Downtown Vandorf is located on Woodbine Avenue, approximately 2 km north of Bloomington Road and just east of Highway 404, or via Vandorf Sideroad (2 km south of Aurora Road), which runs east–west starting at Industrial Parkway South in Aurora (westerly point) and ends at Highway 48 in Whitchurch–Stouffville (easterly point).

Vandorf has an auto repair shop, community hall and a gas station. The former Vandorf General Store stood for 132 years but was ordered closed by the York Region Board of Health in 2015 and subsequently demolished. The site has been sold and awaits redevelopment.

Vandorf is also home to the Vandorf Pylons, a noted senior level hockey team competing in hockey tournaments throughout the province.
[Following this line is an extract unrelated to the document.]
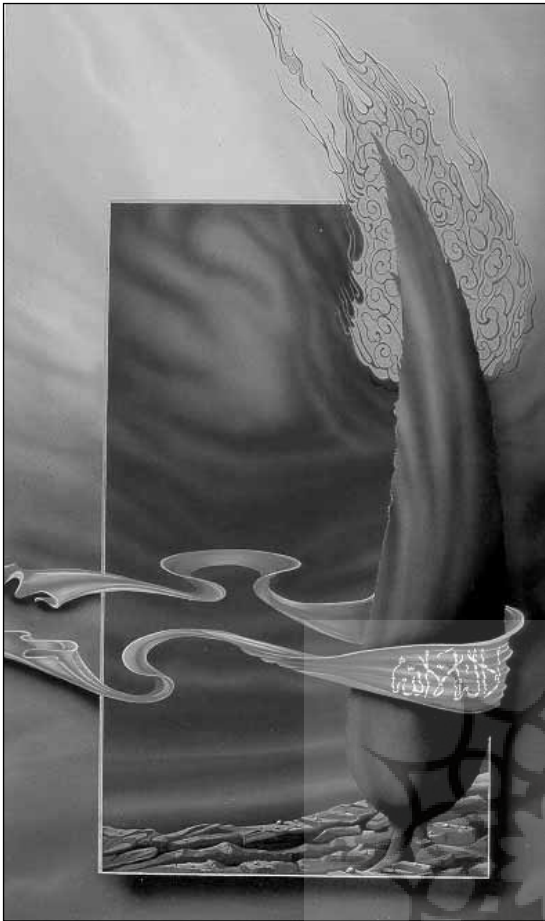
ت-۱. عروج، مجید قادری، ۱۳۶۵

Villagers passionately support the team, and will often attend games at home and abroad.

The Whitchurch-Stouffville Museum & Community Centre is also located in Vandorf, part of Vandorf Park. The park is noted for hosting the Museum’s annual Antique and Classic Car Show, which is open to the general public. The show is typically held on the second Sunday in August.

For many years Vandorf Park hosted the annual Victoria Day Fireworks display held by the Town of Whitchurch-Stouffville. This large fireworks display once rivaled those shown at Ontario Place / Canada's Wonderland. The town re-located the fireworks event in 2010 to Stouffville due to safety concerns.

A rail line owned by Canadian National Railway runs through Vandorf; it is CN's primary freight corridor connecting Greater Toronto to Northern Ontario and Western Canada. This line is currently being considered for future GO Transit train service expansion with a station in Vandorf and Gormley (West). Future residential growth of Vandorf however is limited by provincial Greenbelt legislation. A railway bridge is located in Vandorf.

In 2024, the historic former Vandorf Community Hall is slated to reopen as Harmony Hall, a concert venue.